→ **PROBLEM REQUIREMENTS**:
Under this line are records; the part from the line containing "맛있는 냄새 때문인지" through the line containing "Marcar o meio." should be repeated exactly. Please exclude pictures.

══ SOURCE INFORMATION

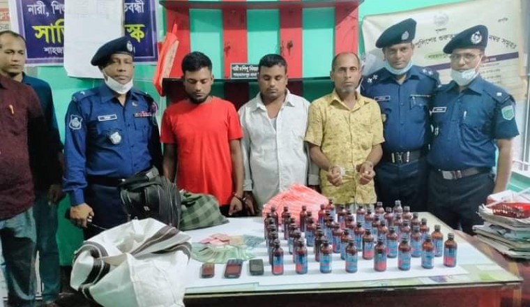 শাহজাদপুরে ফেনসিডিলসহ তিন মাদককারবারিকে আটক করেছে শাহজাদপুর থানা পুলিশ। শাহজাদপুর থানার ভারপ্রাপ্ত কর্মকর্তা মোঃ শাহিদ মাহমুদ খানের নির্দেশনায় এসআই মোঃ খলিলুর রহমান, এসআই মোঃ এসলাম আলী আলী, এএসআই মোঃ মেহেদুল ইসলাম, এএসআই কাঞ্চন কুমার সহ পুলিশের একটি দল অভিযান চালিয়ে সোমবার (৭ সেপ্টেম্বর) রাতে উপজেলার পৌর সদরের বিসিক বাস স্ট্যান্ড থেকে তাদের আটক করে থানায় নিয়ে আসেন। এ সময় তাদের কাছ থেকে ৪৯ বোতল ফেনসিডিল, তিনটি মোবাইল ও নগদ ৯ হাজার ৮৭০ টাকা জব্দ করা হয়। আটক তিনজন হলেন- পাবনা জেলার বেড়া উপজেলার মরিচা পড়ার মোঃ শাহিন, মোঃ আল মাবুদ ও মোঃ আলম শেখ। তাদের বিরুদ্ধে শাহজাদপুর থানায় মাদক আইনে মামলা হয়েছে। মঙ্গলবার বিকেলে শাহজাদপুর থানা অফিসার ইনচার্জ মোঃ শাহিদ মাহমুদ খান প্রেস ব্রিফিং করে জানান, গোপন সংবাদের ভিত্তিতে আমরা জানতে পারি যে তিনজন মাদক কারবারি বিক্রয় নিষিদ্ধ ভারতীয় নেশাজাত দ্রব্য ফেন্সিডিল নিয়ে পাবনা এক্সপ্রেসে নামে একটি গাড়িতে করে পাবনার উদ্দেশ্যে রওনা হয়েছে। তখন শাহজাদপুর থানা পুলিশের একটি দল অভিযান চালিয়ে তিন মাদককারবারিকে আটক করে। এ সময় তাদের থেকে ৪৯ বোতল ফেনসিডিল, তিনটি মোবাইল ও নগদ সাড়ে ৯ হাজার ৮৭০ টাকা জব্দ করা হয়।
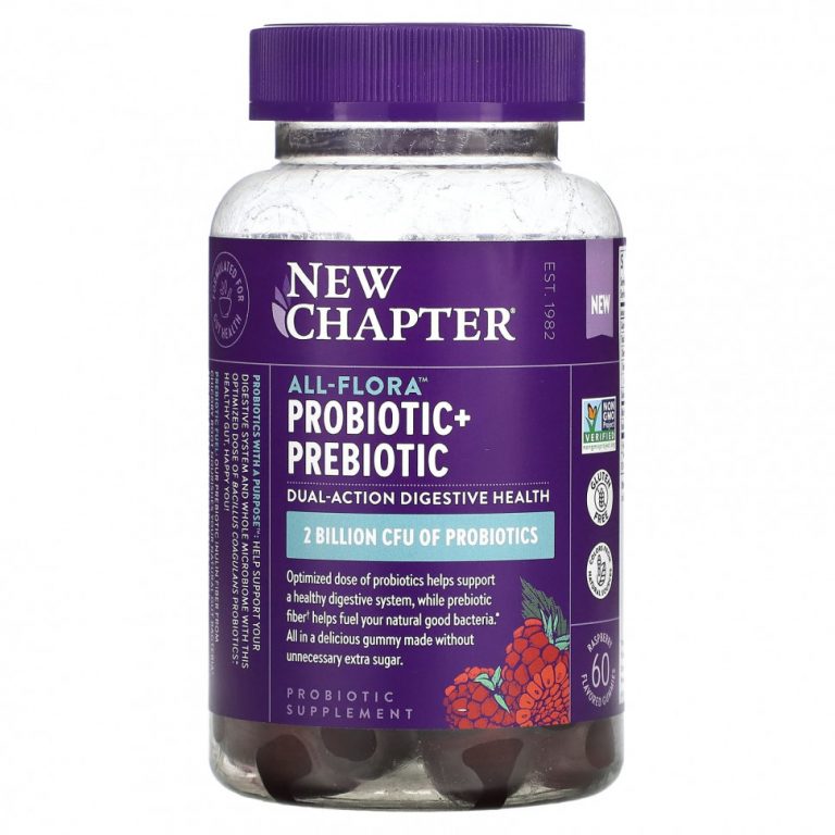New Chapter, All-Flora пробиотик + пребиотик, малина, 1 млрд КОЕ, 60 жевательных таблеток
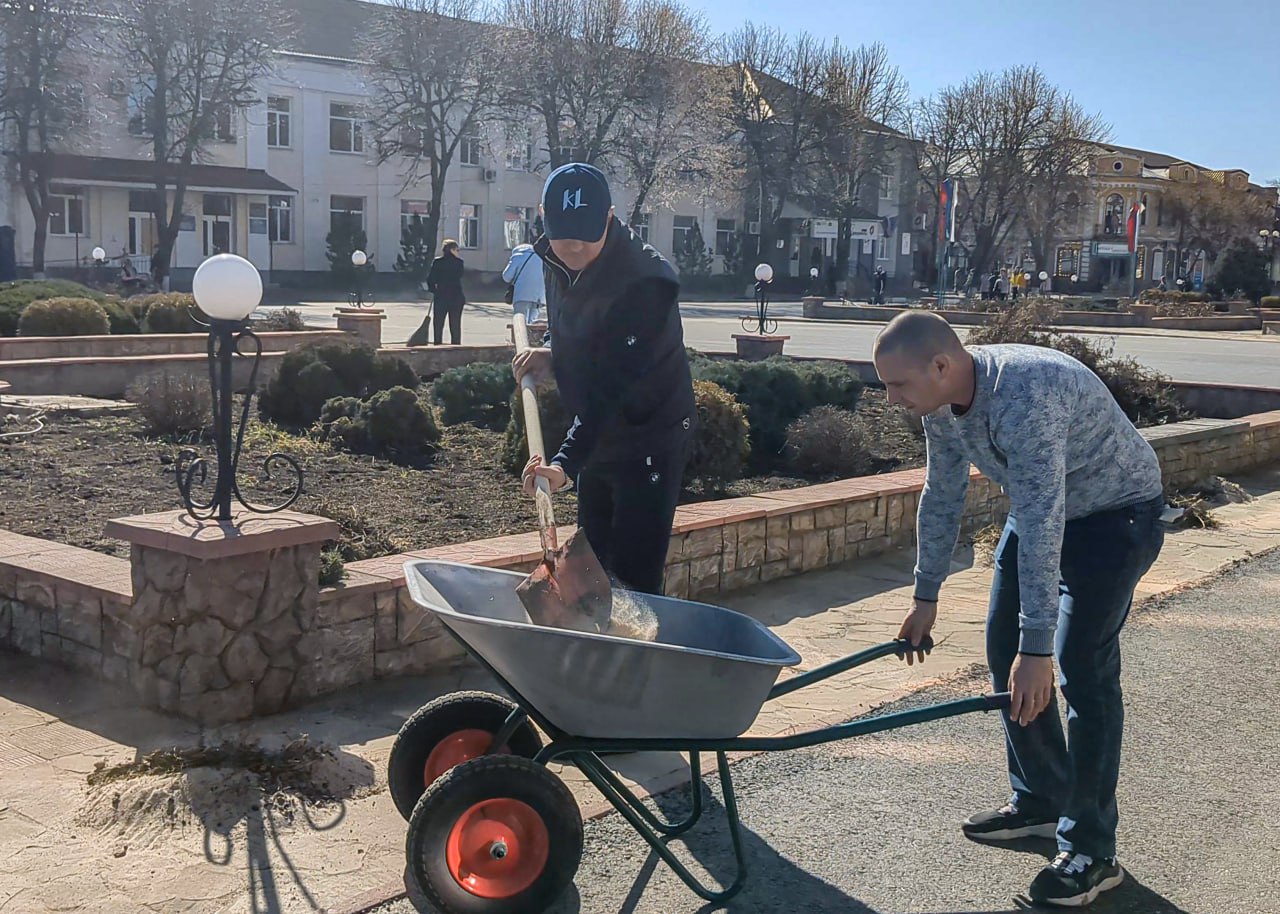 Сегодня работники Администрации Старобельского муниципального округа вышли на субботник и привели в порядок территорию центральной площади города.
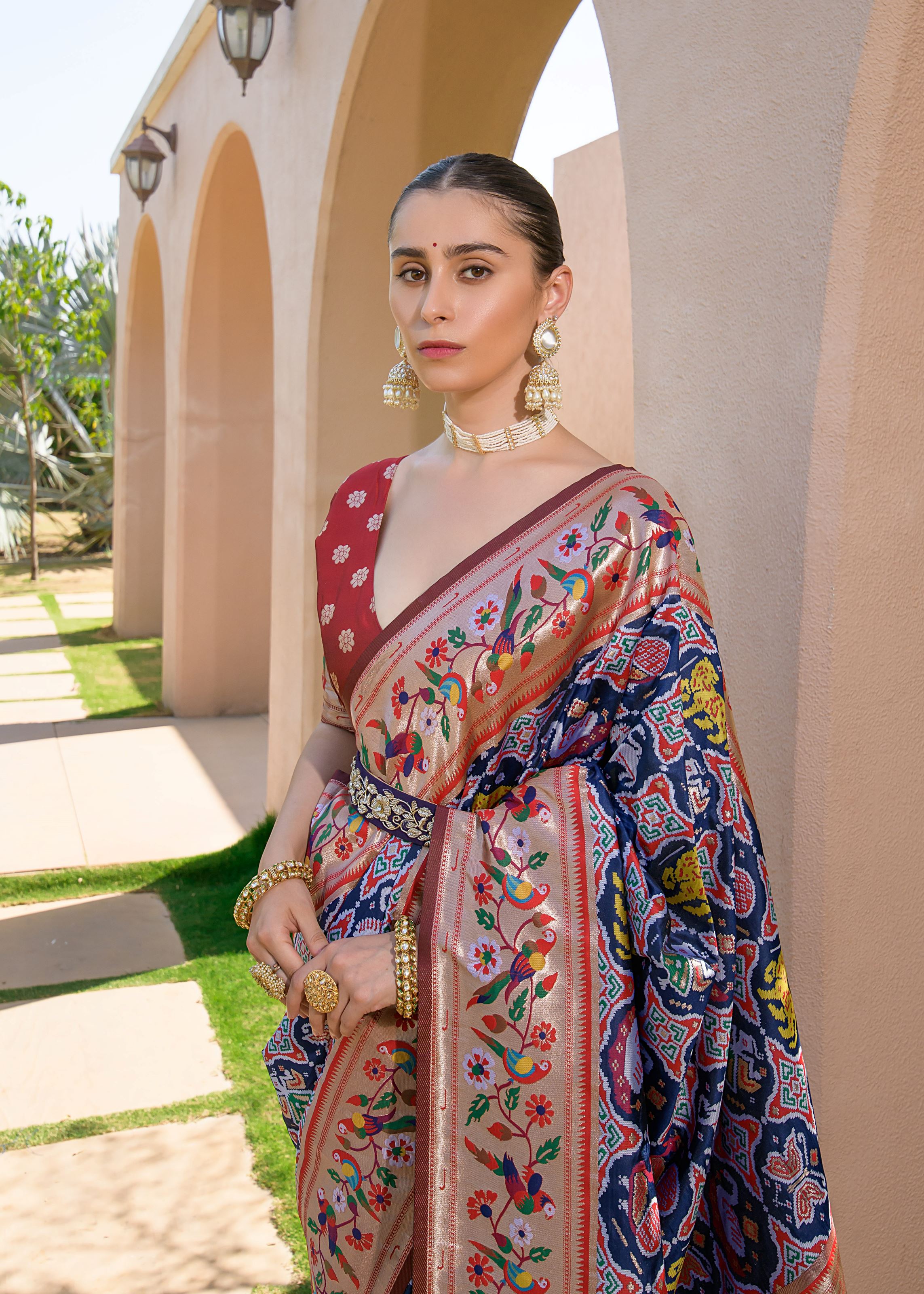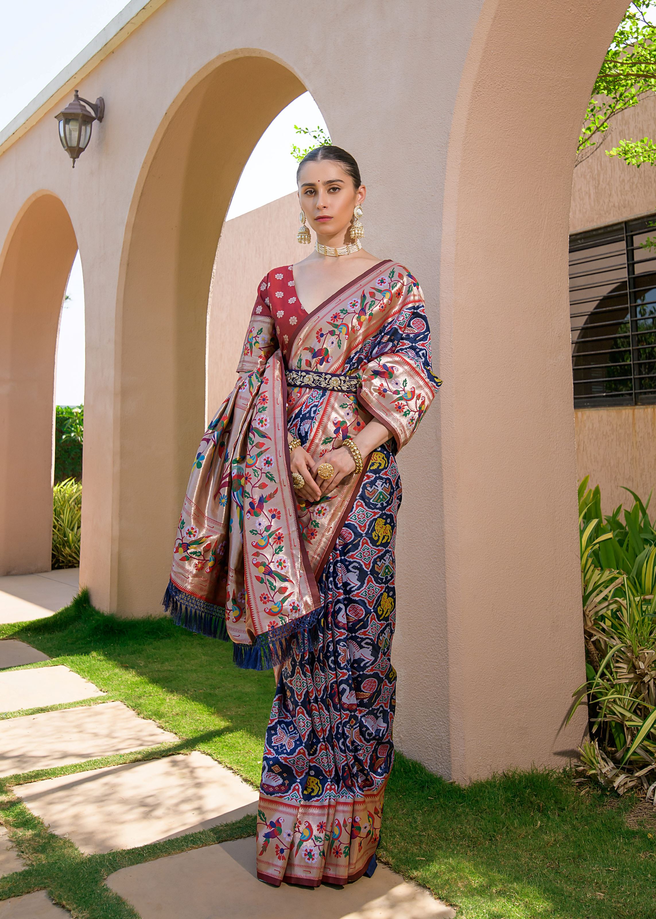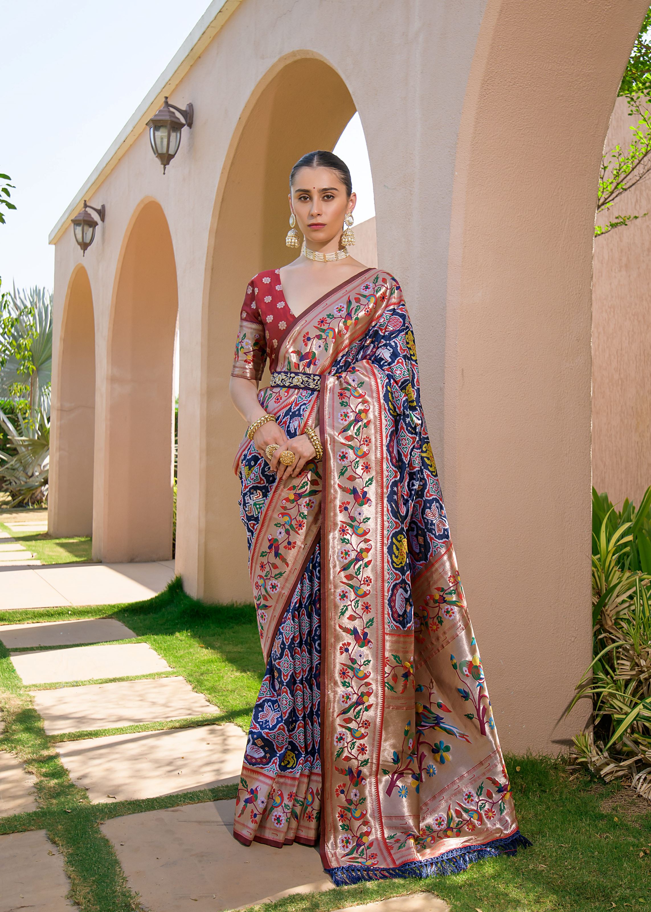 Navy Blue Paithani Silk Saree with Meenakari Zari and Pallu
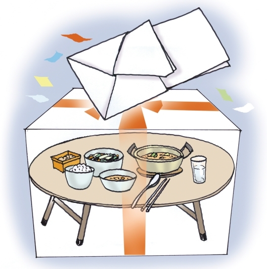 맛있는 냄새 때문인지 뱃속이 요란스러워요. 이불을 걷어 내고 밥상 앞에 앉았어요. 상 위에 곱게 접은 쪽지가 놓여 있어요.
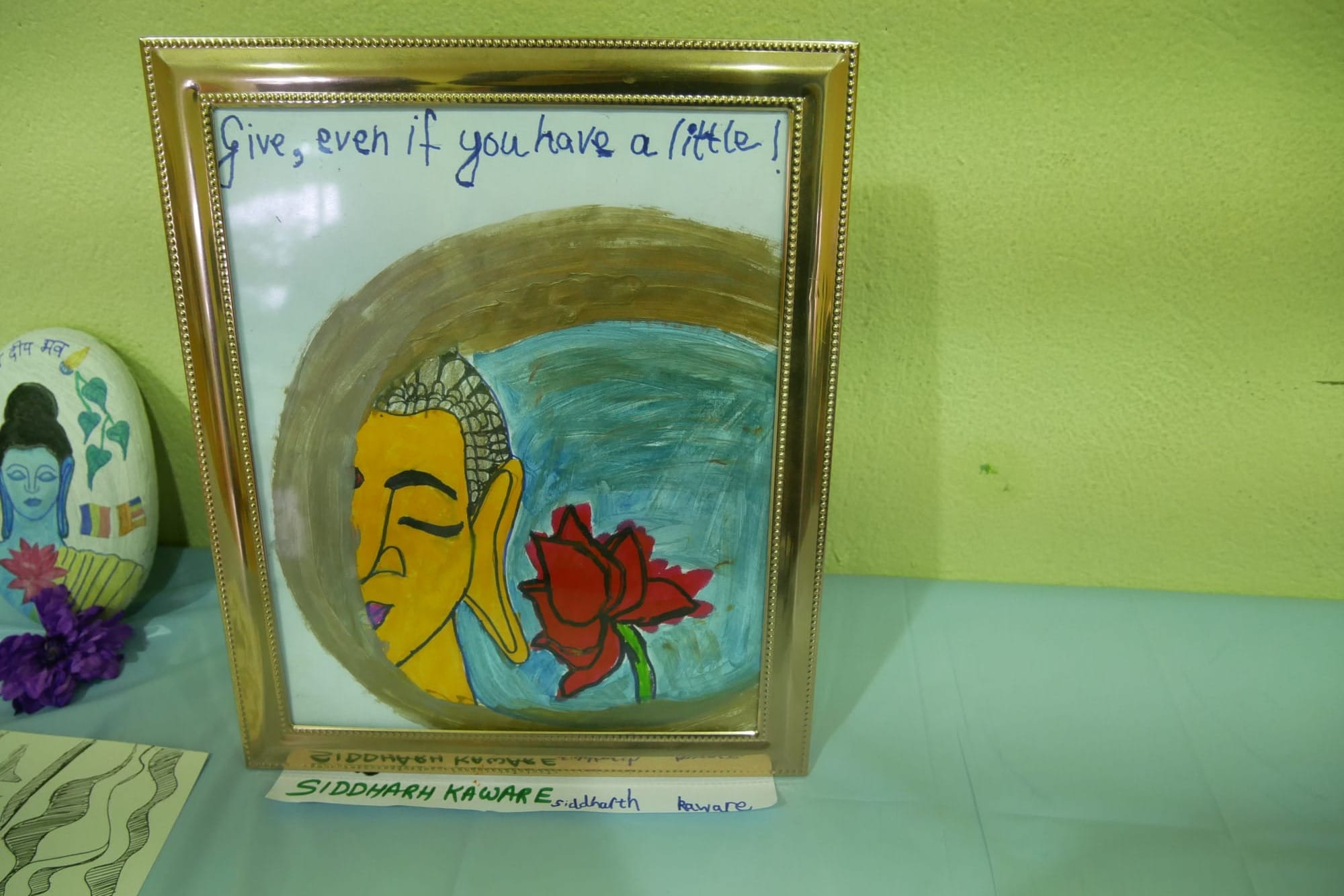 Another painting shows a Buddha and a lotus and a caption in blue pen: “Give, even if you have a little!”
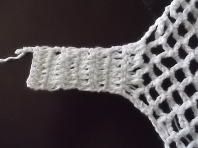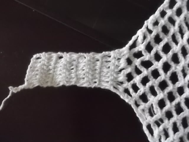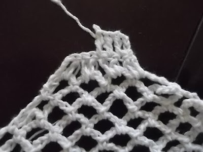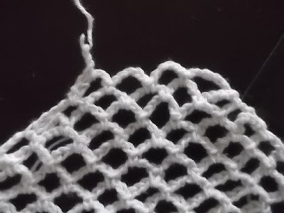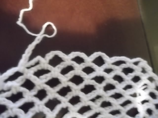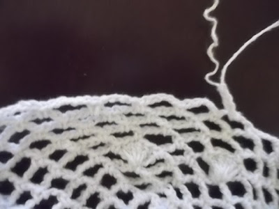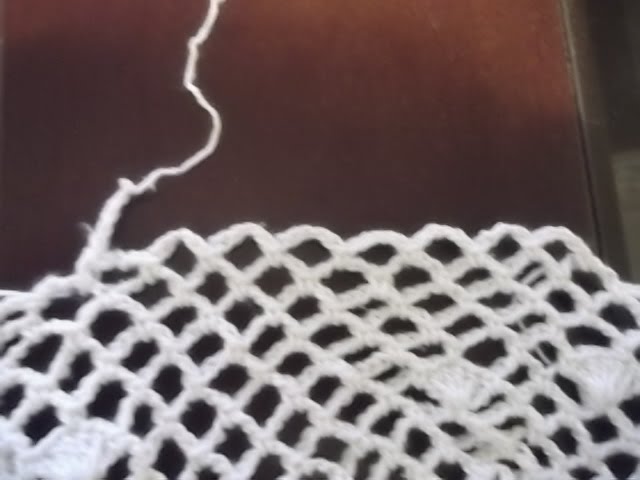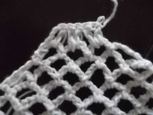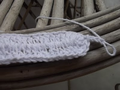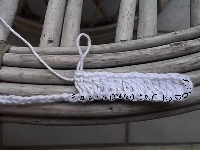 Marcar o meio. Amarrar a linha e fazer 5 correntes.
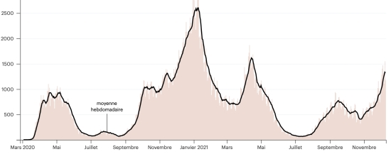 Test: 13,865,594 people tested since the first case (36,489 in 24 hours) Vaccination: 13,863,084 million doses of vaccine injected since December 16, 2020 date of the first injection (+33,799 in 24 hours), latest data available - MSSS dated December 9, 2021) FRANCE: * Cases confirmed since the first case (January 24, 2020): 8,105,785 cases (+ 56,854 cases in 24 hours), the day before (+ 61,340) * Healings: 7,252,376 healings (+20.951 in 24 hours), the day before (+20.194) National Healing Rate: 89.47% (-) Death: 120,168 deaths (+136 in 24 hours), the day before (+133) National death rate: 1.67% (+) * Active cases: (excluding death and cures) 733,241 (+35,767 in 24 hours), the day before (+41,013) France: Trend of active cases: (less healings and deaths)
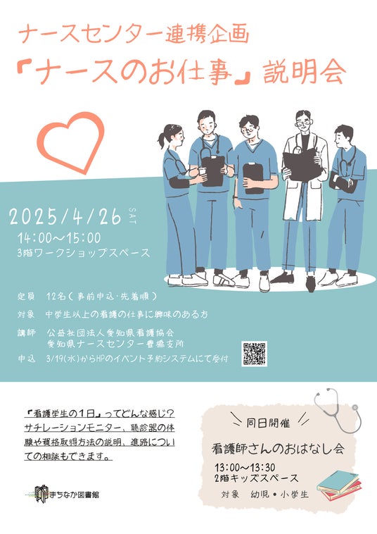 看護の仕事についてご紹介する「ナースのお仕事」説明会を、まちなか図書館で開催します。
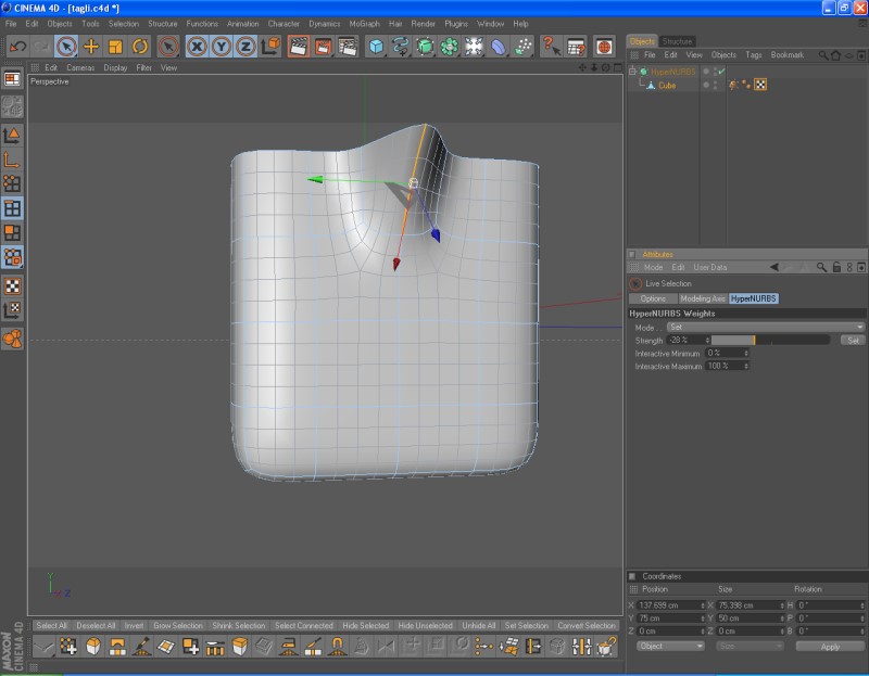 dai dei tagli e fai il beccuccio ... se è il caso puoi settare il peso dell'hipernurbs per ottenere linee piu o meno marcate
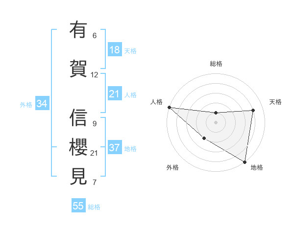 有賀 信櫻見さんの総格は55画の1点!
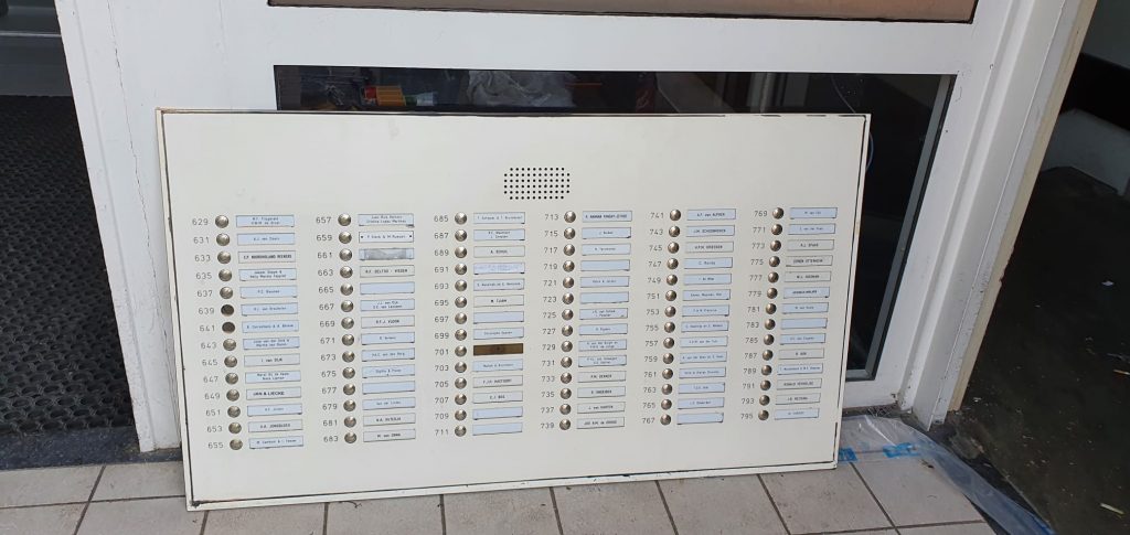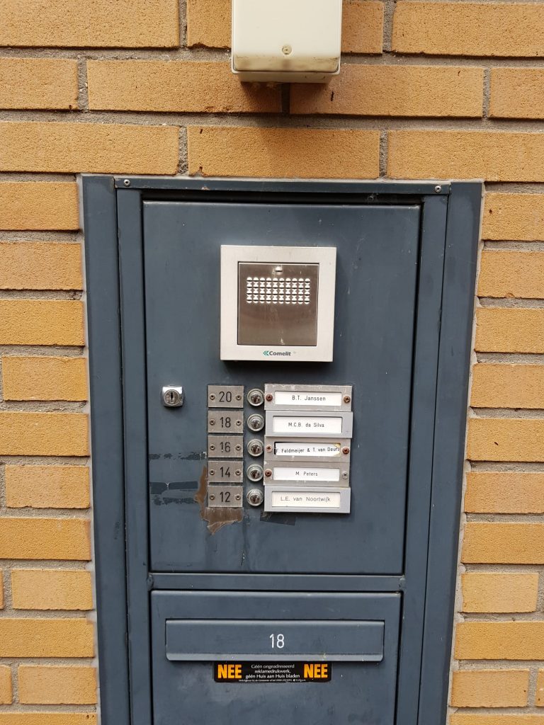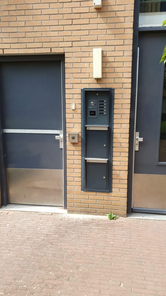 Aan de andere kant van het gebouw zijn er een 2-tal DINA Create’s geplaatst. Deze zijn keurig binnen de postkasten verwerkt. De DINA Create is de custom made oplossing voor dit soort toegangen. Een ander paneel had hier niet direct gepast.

════

→ **COMPLETED TASK**:
 맛있는 냄새 때문인지 뱃속이 요란스러워요. 이불을 걷어 내고 밥상 앞에 앉았어요. 상 위에 곱게 접은 쪽지가 놓여 있어요.
 Another painting shows a Buddha and a lotus and a caption in blue pen: “Give, even if you have a little!”
 Marcar o meio. Amarrar a linha e fazer 5 correntes.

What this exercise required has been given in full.